- Instructions to follow: The entries that follow contain images, which should be left out; output everything else exactly.

- The records:
::::::::::
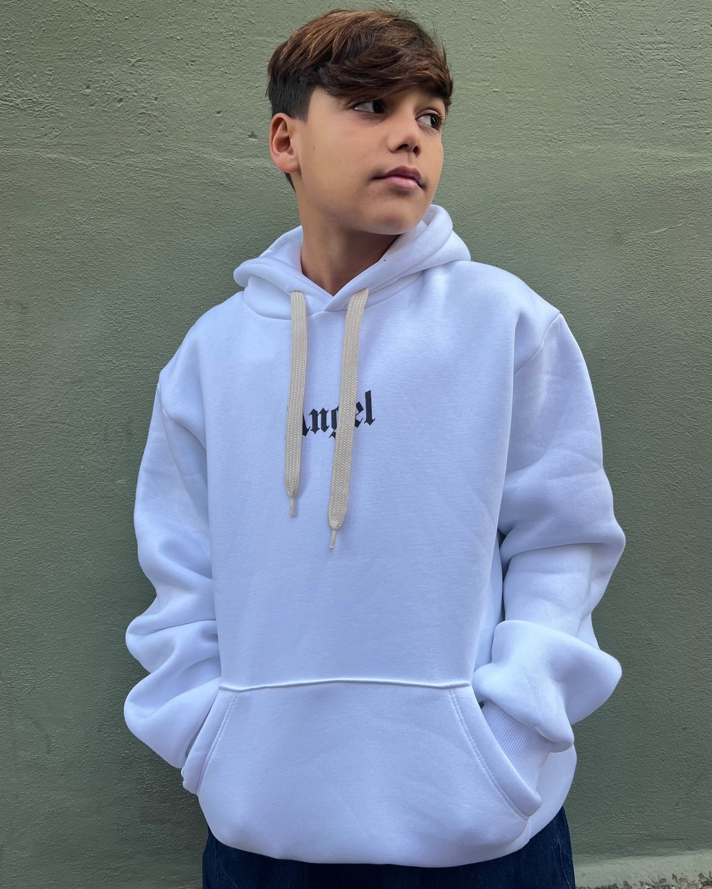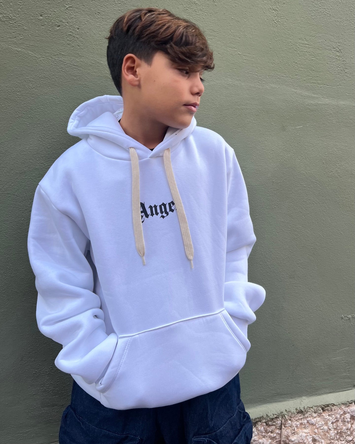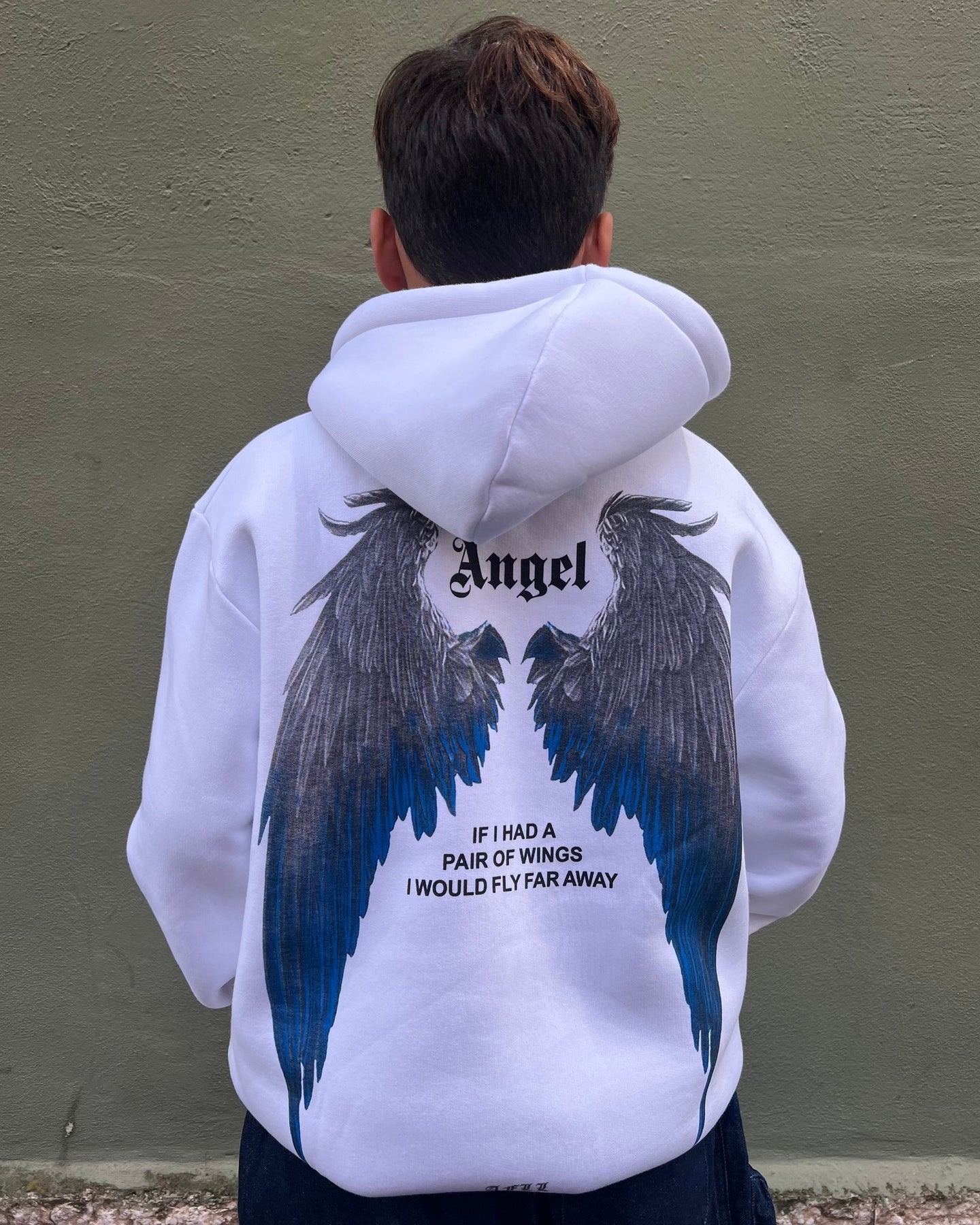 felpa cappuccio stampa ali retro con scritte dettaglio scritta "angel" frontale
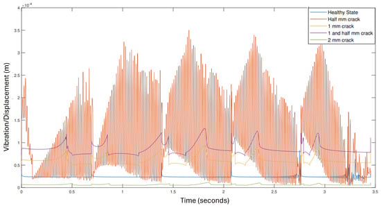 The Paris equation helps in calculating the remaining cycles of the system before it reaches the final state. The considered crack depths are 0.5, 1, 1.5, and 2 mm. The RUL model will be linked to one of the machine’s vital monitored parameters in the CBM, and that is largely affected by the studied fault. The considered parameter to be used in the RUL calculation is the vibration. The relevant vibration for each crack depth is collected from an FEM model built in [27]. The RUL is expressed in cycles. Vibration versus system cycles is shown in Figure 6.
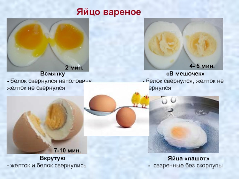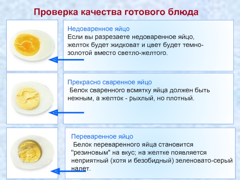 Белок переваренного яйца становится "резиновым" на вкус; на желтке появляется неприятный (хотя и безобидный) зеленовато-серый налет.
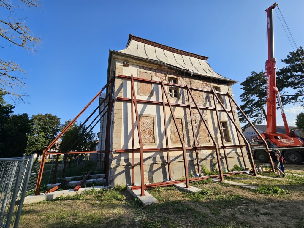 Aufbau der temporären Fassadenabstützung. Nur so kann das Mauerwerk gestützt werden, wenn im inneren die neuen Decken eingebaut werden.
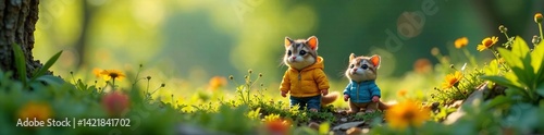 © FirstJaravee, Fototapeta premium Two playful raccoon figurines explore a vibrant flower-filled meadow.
::::::::::
- Answer for the task:
 felpa cappuccio stampa ali retro con scritte dettaglio scritta "angel" frontale
 The Paris equation helps in calculating the remaining cycles of the system before it reaches the final state. The considered crack depths are 0.5, 1, 1.5, and 2 mm. The RUL model will be linked to one of the machine’s vital monitored parameters in the CBM, and that is largely affected by the studied fault. The considered parameter to be used in the RUL calculation is the vibration. The relevant vibration for each crack depth is collected from an FEM model built in [27]. The RUL is expressed in cycles. Vibration versus system cycles is shown in Figure 6.
 Белок переваренного яйца становится "резиновым" на вкус; на желтке появляется неприятный (хотя и безобидный) зеленовато-серый налет.
 Aufbau der temporären Fassadenabstützung. Nur so kann das Mauerwerk gestützt werden, wenn im inneren die neuen Decken eingebaut werden.
 © FirstJaravee, Fototapeta premium Two playful raccoon figurines explore a vibrant flower-filled meadow.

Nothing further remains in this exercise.